A congressman and a senator’s son jumped into the race Tuesday for the Utah U.S. Senate seat being vacated by Mitt Romney.
Republican U.S. Rep. John Curtis announced his campaign to a TV station after saying last fall he had decided not to run.
After people asked him to reconsider, he decided he could carry over his work representing Utah but with a bigger platform, Curtis told KSL-TV.
Curtis has served eastern Utah’s Third District since 2017. He was previously mayor of Provo, Utah, for seven years and for a time was a county-level Democratic Party official.
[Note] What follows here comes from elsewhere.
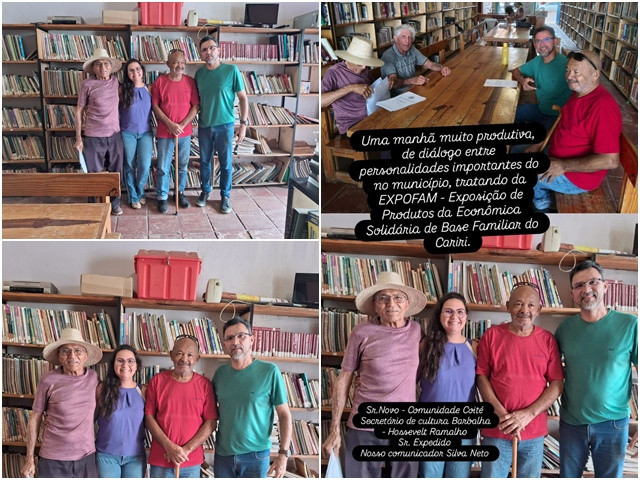 Nessa quinta-feira (11), na biblioteca pública Padre Agostinho Mascarenhas no Casarão da Cultura, o Secretário de Cultura de Barbalha, Hoosevelt Ramalho recebeu a Comissão Organizadora da XVIII EXPOFAM – Exposição de Produtos da Economia Solidária de Base Familiar do Cariri, que será realizada nos dias 3, 4 e 5 de outubro no Parque de Exposição Pedro Felício Cavalcante no Crato.

Brent Orrin Hatch also announced his candidacy Tuesday. Hatch is one of six children of the late Republican Sen. Orrin Hatch, who retired after 42 years in office in 2019 and died in 2022.
Brent Hatch is a trial lawyer who is treasurer and past director of the Federalist Society, a conservative legal organization that advocates interpreting the U.S. Constitution according to the context in which it was written.
He was an associate White House counsel under President George H.W. Bush and a Utah delegate to the 2004 Republican National Convention.
He described himself as “not a professional politician” in a statement through his campaign.
“I have worked for over 33 years here in Utah as a lawyer protecting the rights of individuals and companies. But I still have an insider’s knowledge of the highest levels of government,” he said in the statement.
Romney, 76, announced in September he won’t seek a second term in the Senate, saying it was time for younger leaders to step in. Romney also served as governor of Massachusetts and was the 2012 Republican nominee for president.
Romney is among several Republicans who opposed former President Donald Trump and have been voted out or not sought re-election.
Others running to succeed Romney include former Utah House speaker Brad Wilson, a Republican who announced his campaign in September, and lesser-known Republicans including Riverton, Utah, Mayor Trent Staggs and Roosevelt, Utah, Mayor Rod Bird Jr.
Republicans carry a substantial advantage in Utah, outnumbering Democrats by a more than 3-to-1 margin.